2. Ascertaining the differences between the prior art and the claims at issue.
3. Resolving the level of ordinary skill in the pertinent art.
4. Considering objective evidence present in the application indicating obviousness or nonobviousness.
Claims 1-3, 7, 10-13, 17 and 20 are rejected under 35 U.S.C. 103 as being unpatentable over: Shukla et al., US PG Pub No 2022/0311832A1 hereinafter Shukla (Microsoft) in view of Gu et al., US PG Pub No 2022/0004933A1 hereinafter Gu, in view of Deng et al., “SHARE: Shaping Data Distribution at Edge for Communication-Efficient Hierarchical Federated Learning” hereinafter Deng, and further in view of Oluyemi et al., US PG Pub No 2022/0308929A1 hereinafter Oluyemi (IBM).
With respect to claim 1, Shukla teaches:
A method {Shukla [0025,29] “techniques, such as, for example, but without limitation” describes DLT jobs and AI workloads, see Figs 4 and 6} comprising:
receiving, at a device and via a user interface, definition data for a machine learning workload, wherein the user interface represents the machine learning workload as a set of roles and channels, each role representing a task to be performed by a node in a network and each channel representing a communication channel between roles {Shukla Fig 4:404 “Receive AI Workloads …Training Workload” particularly as Fig 6 “DLT job” defines Deep Learning Training job introduced [0025], so as for [0049-52] “execution of a training workload” is a task representative of a role performed by a node device e.g. GPU or CPU Figs 6, 7:709. Further “API” [0063, 0129-30] is interface detailing socket protocol with addressing (addr) for network connections representative of communication channels, noting e.g. [0074] “scale across hundreds of datacenters… cross-geographical” hence Title or Fig 5 global/regional AI workloads};
identifying, by the device and based on the definition data, groups of training nodes in the network that store training datasets, to perform training roles for the machine learning workload by training machine learning models on their respective training datasets {Shukla [0050] “identifying a subset of infrastructure resources… e.g., an AI workload that requires the use of four GPUs in parallel may be assigned to a node of the system that has at least four GPUs” e.g. [0024-27] “GPUs in a cluster” describes DLT job processing performed by GPU cluster among “node pools” where “Worker Nodes are where machine learning workloads run” with [0032] “cluster of infrastructure resources within a region” Illustratively, Figs 6, 7:702 show DLT in system for the subset of infrastructure resources Fig 4:406 that perform role of [0052] “execution of a training workload… on an infrastructure resource, such as a GPU” and [0051] “saving a state checkpoint of an AI workload that is currently being executed” similar [0083,81] saving DLT job state is storing, container-based files such as images are described for underlying data of a “training loop” shown Fig 9:906 and TensorFlow/PyTorch (TF/PT) are disclosed [0154] to provide the skilled artisan with tools for custom training datasets, again at [0023,69], [0149]};
Shukla further suggests [0152] “sum is computed across all of the workers/GPUs” (aggregation) with [0077] “control over topology” and uses [0075] “distributed snapshot of all workers in the DLT job” as well as Resource Allocation/Assigning [0058] Fig 4 and content hashing [0125].
However, Shukla does not expressly disclose “index of training datasets” which is met by Gu:
wherein identifying comprises querying an index of training datasets using a type of training data specified in the definition data to locate training nodes that store training datasets of that type {Gu [0118] “sampling… i is the index of the training samples.
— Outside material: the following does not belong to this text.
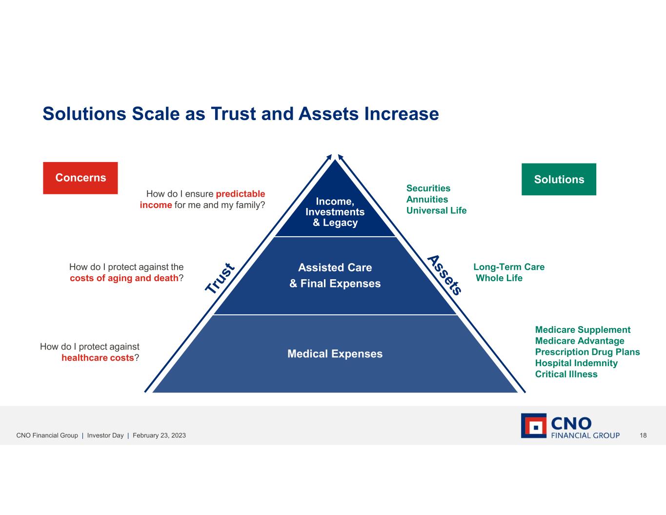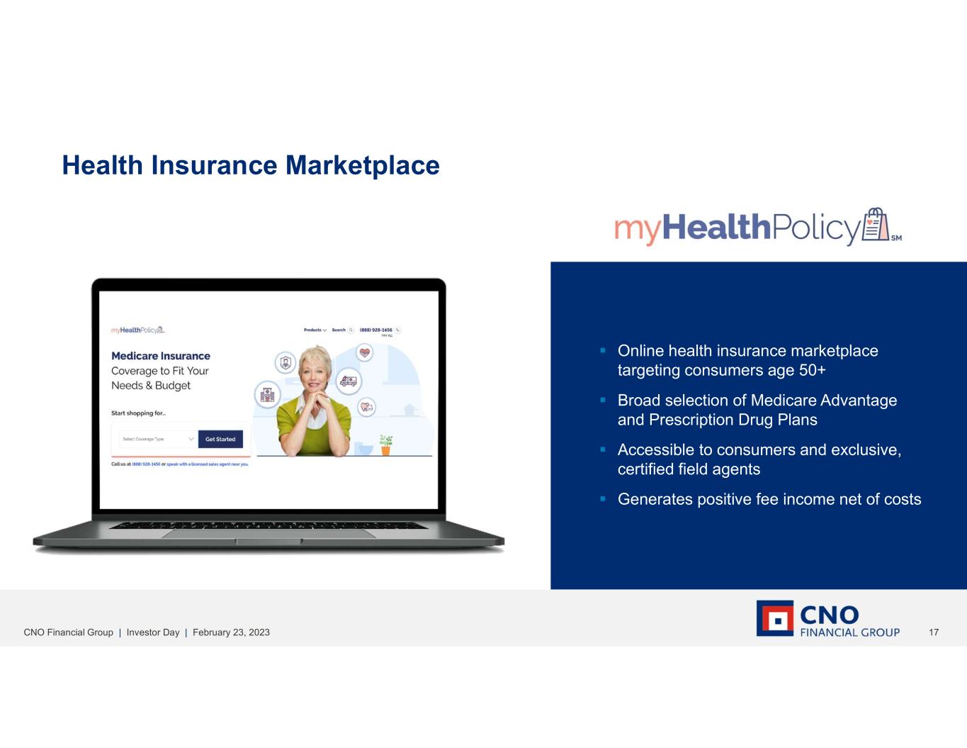 CNO Financial Group | Investor Day | February 23, 2023 17 Health Insurance Marketplace  Online health insurance marketplace targeting consumers age 50+  Broad selection of Medicare Advantage and Prescription Drug Plans  Accessible to consumers and exclusive, certified field agents  Generates positive fee income net of costs

Each training sample includes the instance (xi)G1 and its corresponding label yi …every worker or computing device has the label yi” distributing the xi instances to workers of a federated learning is disclosed [0046-47] and the labels are distributed to active learners who perform gradient-based training [0061] Fig 1. The data may be partitioned into feature groups or categorical features are disclosed [0085,186]. Worker storage is shown Fig 4B:456};
Gu is directed to distributed training of machine learning models thus being analogous. A person having ordinary skill in the art would have considered it obvious prior to the effective filing date to perform sampling on indexed training data per Gu in combination for a motivation “because the workers pick their own i-th training instances independently. In other words, the different worker are likely training on different instances at the same time” [0148] and/or requesting coordinator of workers in communication to collect certain data for a distributed learning [0100,120].
However, the combination of Shukla and Gu does not expressly disclose the following limitation which is met by Deng:
selecting, by the device, a set of intermediate aggregator nodes for the groups of training nodes, each intermediate aggregator node performing an aggregation role to aggregate those machine learning models trained by an assigned group of training nodes into intermediate models {Deng [P.27 Rt.Col] “A subset of distributed computing nodes in N can be selected as edge aggregators to conduct model aggregation …denoted by Ne ⊂ N. As shown in Fig. 4” aggregated model updates over “local training iterations… global model aggregations” and shown again per Fig 5 bottom-right, detailed [P.29 Last¶ - P.30 ¶2] “edge aggregator selection problem to find the optimal edge aggregator set” and [P.26 Last¶] “assigning each edge aggregator 10 nodes with different classes of training data” Algs.1-2 provide implementation}; and
Deng is directed to distributed training of machine learning models thus being analogous. A person having ordinary skill in the art would have considered it obvious prior to the effective filing date to select aggregator nodes per Deng in combination for the motivation “To deal with the highly-complex coupling of edge aggregator selection and computing node association, we devise two light-weight algorithms to optimize them accordingly” [P.29 ¶4] in other words to reducing complexity is simplifying the distributed learning in a manner of communication-efficiency, so-titled. This may further entail Alg.2 “repeat… until No operation can reduce the total communication cost” [P.30 Alg.2 Lines2,29] as well as finding the optimal set of edge aggregators [P.29 Last¶].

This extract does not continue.